What you have to do: Below are some records. Retype exactly the lines from the one containing "After Hayato and" through the one containing "Смартфон Google Pixel 9 Pro 128 ГБ Ореховый", both included, skipping every picture.

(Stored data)
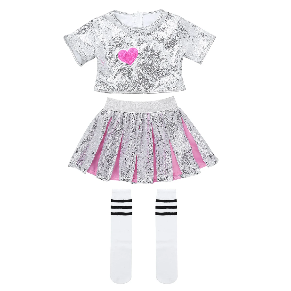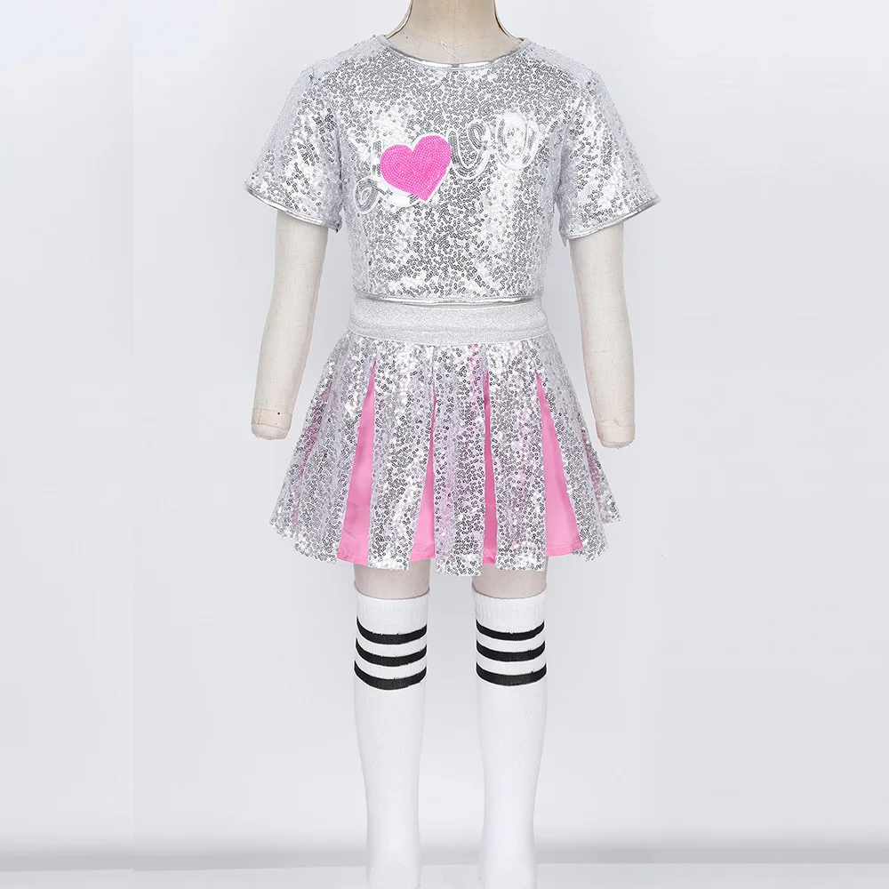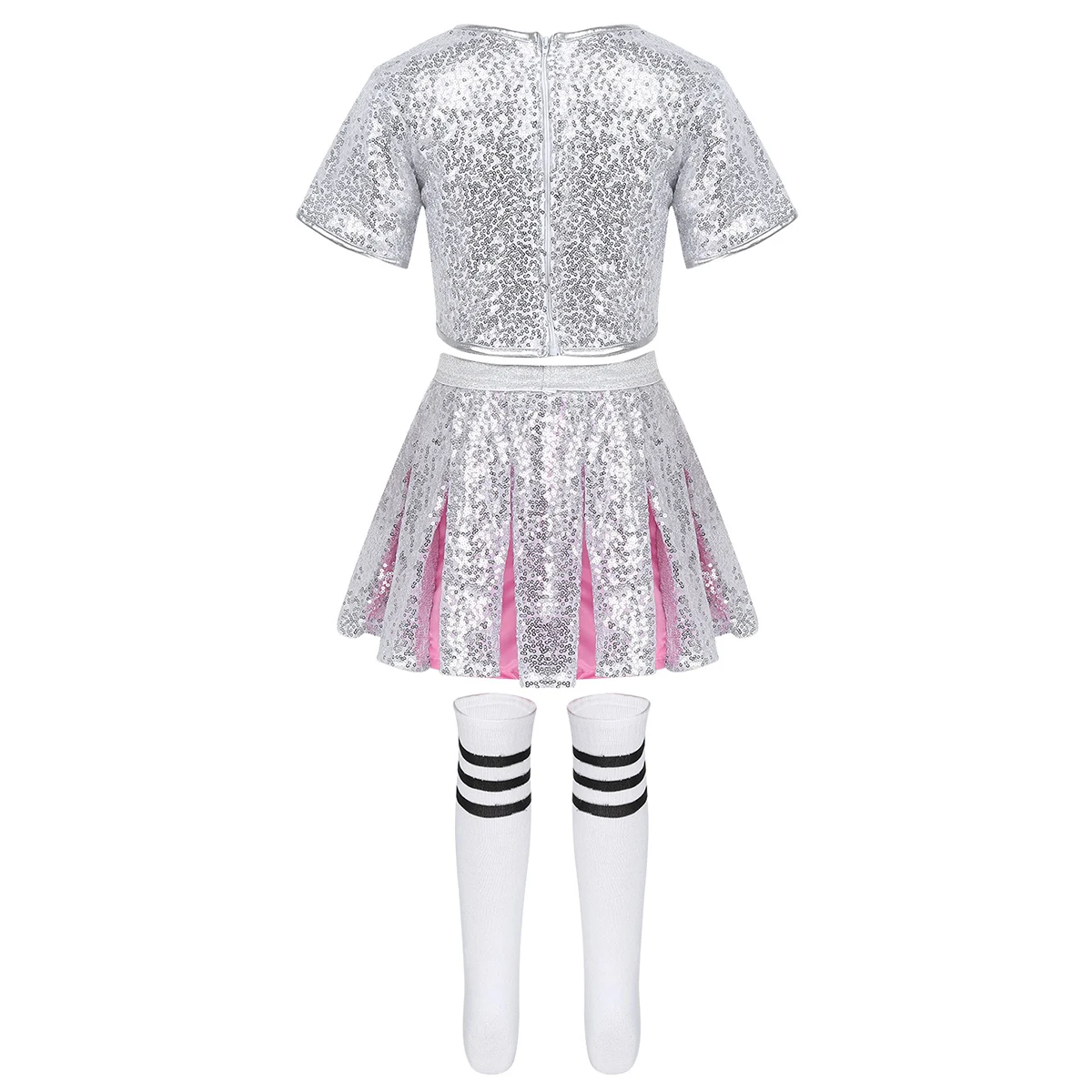 Костюм джазового танца с блестками для девочек, танцевальная одежда с блестками в стиле хип-хоп для современных девушек, танцевальные аксессуары
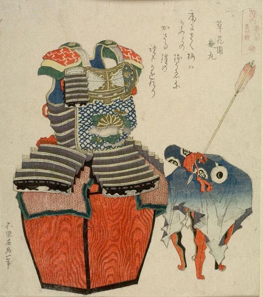 Editor: This is "Puppets Representing Goro and a Fox" by Teisai Hokuba. I am curious about this image, and I notice the figures are holding hammers. What historical context can you give us about this? Curator: Hokuba situates us in the vibrant world of Japanese puppet theatre, Bunraku. Note how the figures, Goro and the fox spirit, brandish their mallets, symbols of power, reflecting the plays' morality tales. Consider how such depictions played into socio-political dialogues. Editor: So, the artist is making a statement about Japanese society and its values? Curator: Precisely. Hokuba uses popular culture to engage in broader cultural commentary. Think about the role of theatre, and how it challenges norms. This art piece offers a lens to explore themes of morality. Editor: This helps me appreciate the layers of meaning. Thanks! Curator: It’s fascinating how art can embody history and activism, isn't it?
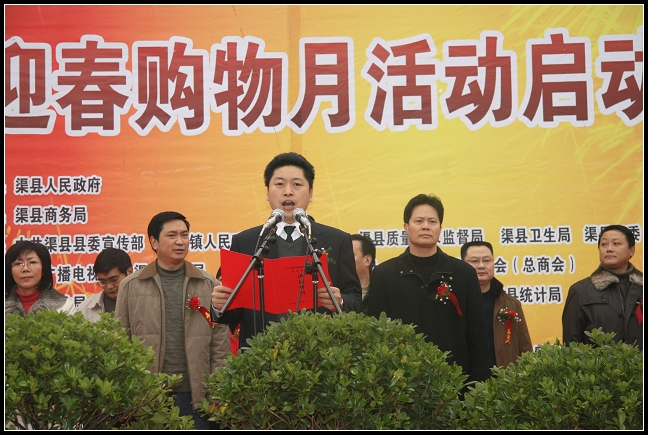 为进一步扩大内需,促进消费,搞活流通,繁荣经济。2009年1月5日,渠县万兴广场花团锦簇,锣鼓喧天,烟花齐放,异常热闹。由渠县人民政府主办的“中国黄花之乡·渠县2009迎春购物月活动启动仪式”正式拉开了“营造环境,促进消费,欢乐祥和过新年”的购物月序幕。
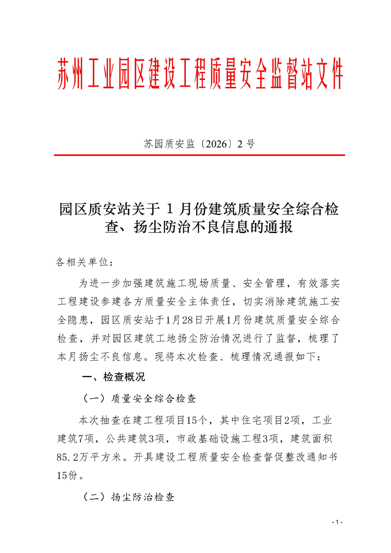 園區(qū)質(zhì)安站關(guān)于1月份建筑質(zhì)量安全綜合檢查、揚(yáng)塵防治不良信息的通報(bào)
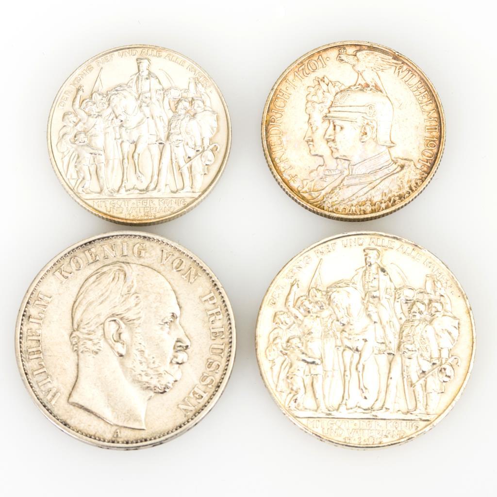 2 Mark, 1901, "Friedrich I. 1701 - Wilhelm II. 1901" / 2 Mark, 1913, "Der König rief und alle, alle kamen" / 3 Mark, 1913, "Der König rief und alle, alle kamen" / Sieges-Thaler 1871, "Wilhelm Koenig von Preussen" . Zustand: ss.
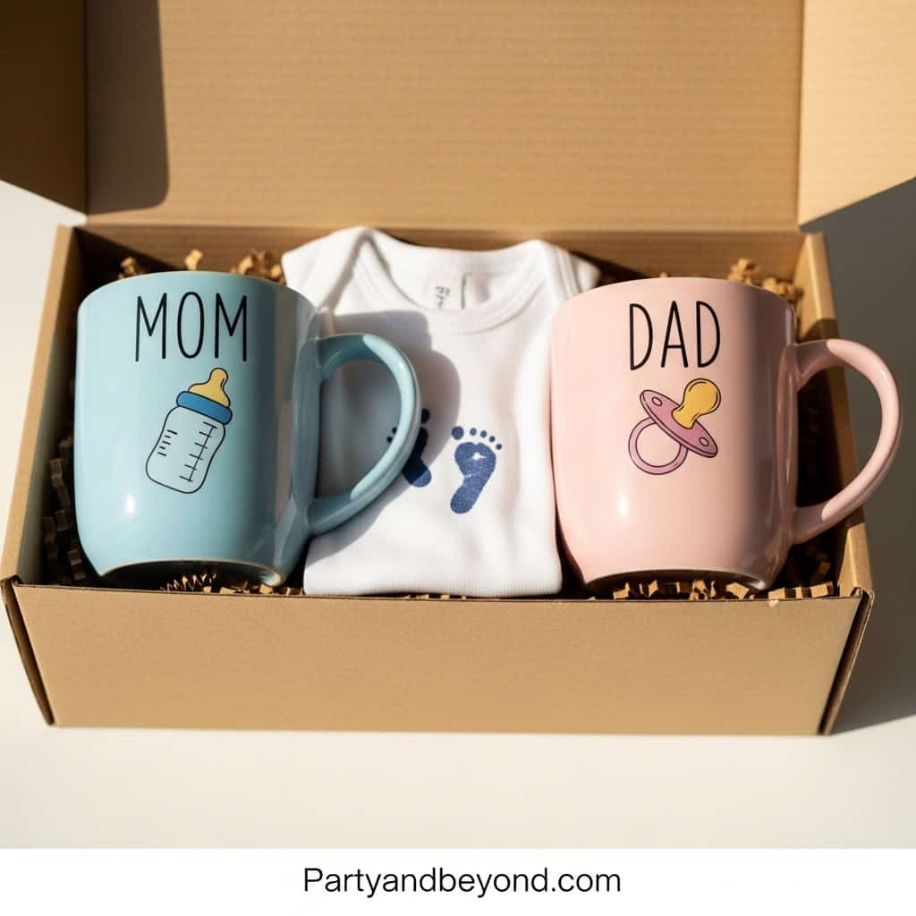 Gift boxes with matching mugs (e.g., “Mom” and “Dad”) and a neutral onesie show that you care about both parents and the baby. They’re thoughtful and practical.
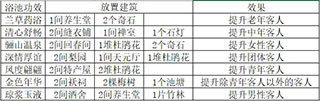 ①大温泉全功效,小温泉缺了个金色年华,楼主试了下四个温泉全功效和下面这个布局感觉没差别。
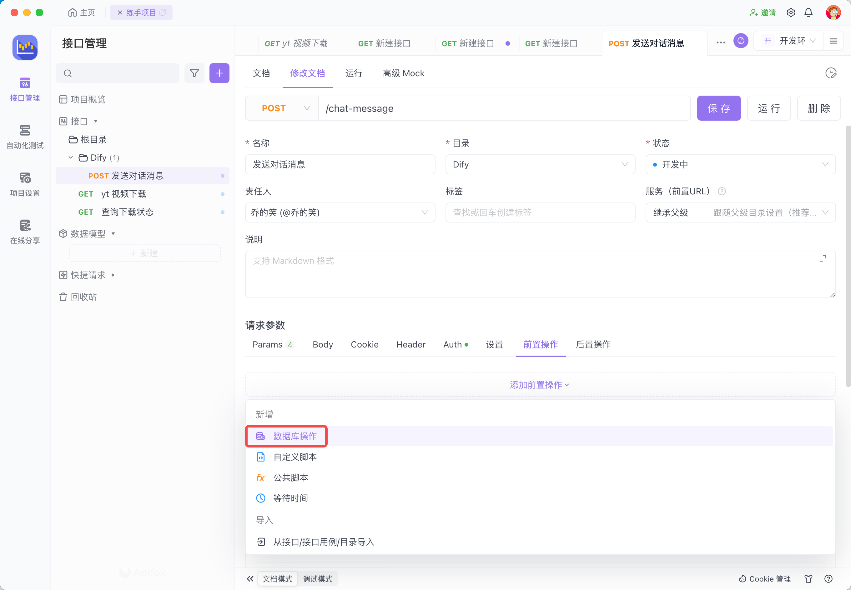 “前置/后置操作”支持添加数据库。查询结果可在接口请求参数、断言、自定义脚本等场景中使用,还支持读写数据库。目前支持 MySQL、SQL Server、Oracle、PostgreSQL 四种数据库类型。
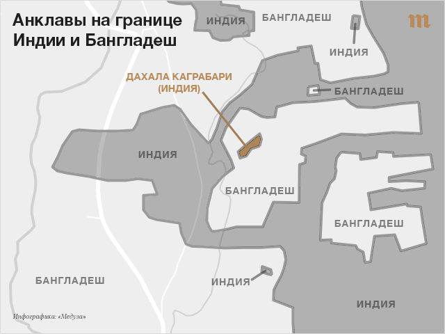 1 августа вступило в силу соглашение между Индией и Бангладеш об обмене анклавами — небольшими территориями одного государства, со всех сторон окруженными границами другого. Под действие закона попадают 162 таких территории — уже из этого можно сделать вывод о том, насколько запутанной была все это время граница между Индией и Бангладеш. Однако один случай является уникальным: индийский округ Дахала Каграбари, единственный в мире анклав третьего порядка. О нем коротко рассказывает журналист The Washington Post Адам Тэйлор.
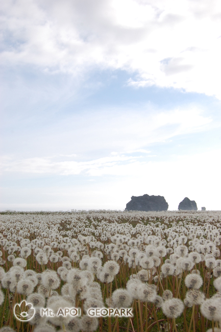 ふわふわ広がる陸の雲と空の雲。雲の野原に浮かぶ親子岩の存在感を切りとりました。
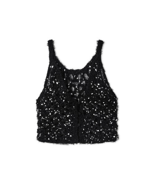 【Design/Styling】コーディネートを華やかに格上げしてくれる、スパングルニットキャミ。前後着用可能で、釦あきのとVネックとクルーネックからお選びいただけます。絶妙な丈感とフィットしすぎないシルエットで、様々なアイテムとのレイヤードが楽しめます。前後両方前で着用できる2WAY仕様で、着こなしの幅も広がります。①透け感:あり②生地の厚さ:薄手③裏地:なし④伸縮性:あり前後着用可能※照明の関係により、実際よりも色味が違って見える場合があります。またパソコン・スマートフォンなどの環境により、若干製品と画像のカラーが異なる場合もございます。予めご了承ください。商品の色味は、商品単品画像をご参照下さい。 ※商品画像はサンプルのため、色味やサイズ等の仕様に変更がある場合がございますので、予めご了承ください。
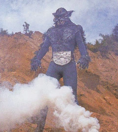 After Hayato and Kazuya infiltrate the party Zol was holding between Shocker executives, Zol assumes his Wolf Man kaijin form to confront the Rider himself. After a lengthy battle, Wolf Man was toppled off a cliff and destroyed by Kamen Rider #2.
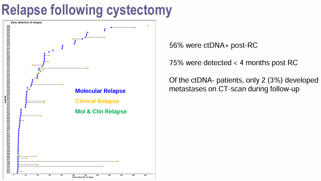 新辅助化疗及根治性膀胱切除术后连续的ctDNA检测是一种高度特异性的方法,可用于识别转移性疾病较小时,可能受益于早期免疫治疗的膀胱癌患者。目前而言,这是第一份连续ctDNA测量用于指导膀胱癌的治疗决策的临床试验数据分析。
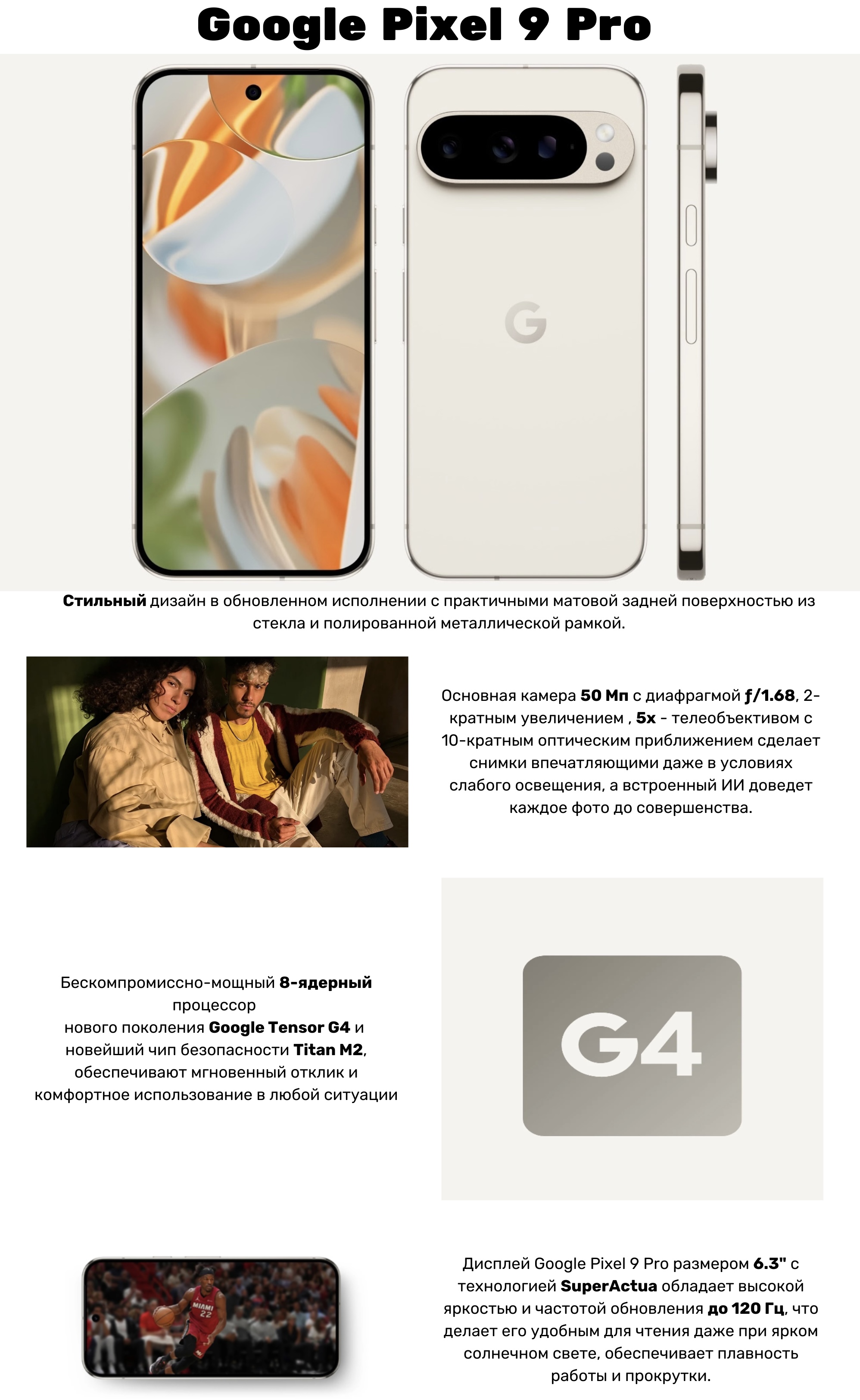 Смартфон Google Pixel 9 Pro 128 ГБ Ореховый
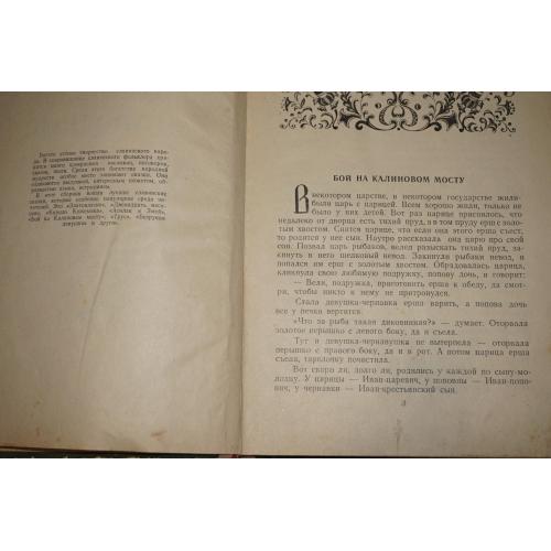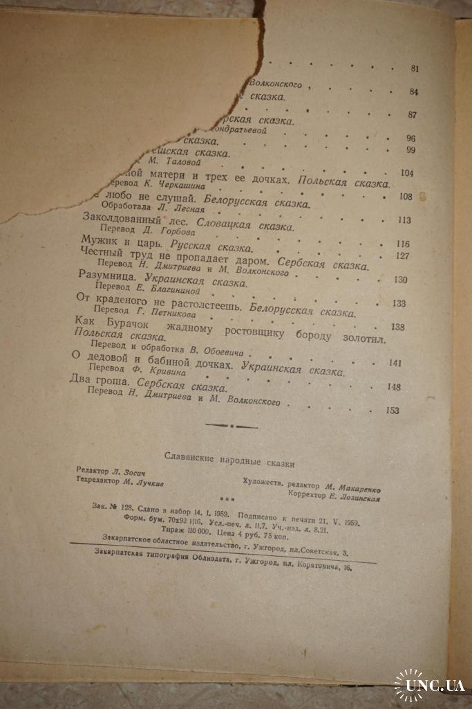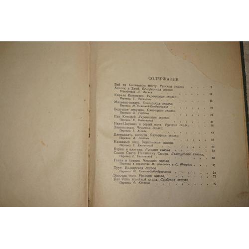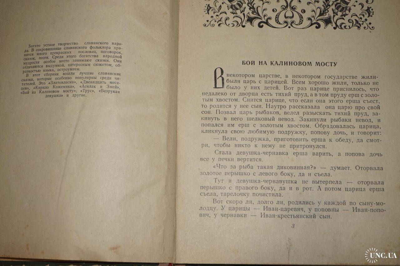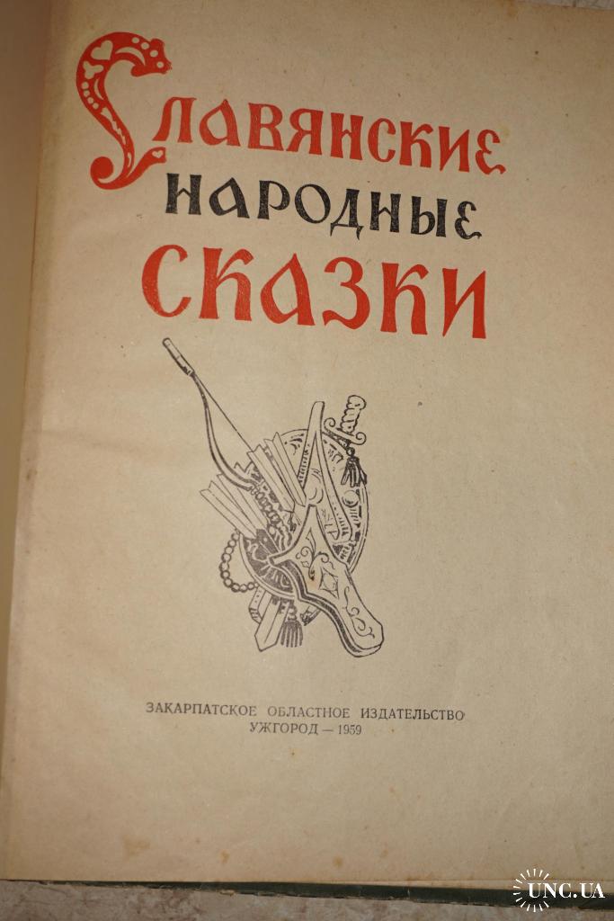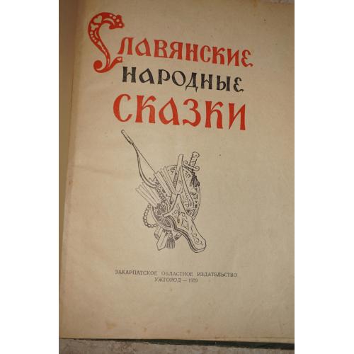 Составил Л. Ларич. Цветные вклейки В. Форостецкого. В сборник вошли лучшие славянские сказки в переводах Г. Петникова, М. Калягиной-Кондратьевой, Е. Благининой, Ф. Кривина, Д. Горбова, М. Тарловой, Т. Аксель и др. Ужгород: Закарпатское областное изд-во 1959г. 148 с. Палiтурка / переплет: Твердый, увеличенный формат.

Written response:
 After Hayato and Kazuya infiltrate the party Zol was holding between Shocker executives, Zol assumes his Wolf Man kaijin form to confront the Rider himself. After a lengthy battle, Wolf Man was toppled off a cliff and destroyed by Kamen Rider #2.
 新辅助化疗及根治性膀胱切除术后连续的ctDNA检测是一种高度特异性的方法,可用于识别转移性疾病较小时,可能受益于早期免疫治疗的膀胱癌患者。目前而言,这是第一份连续ctDNA测量用于指导膀胱癌的治疗决策的临床试验数据分析。
 Смартфон Google Pixel 9 Pro 128 ГБ Ореховый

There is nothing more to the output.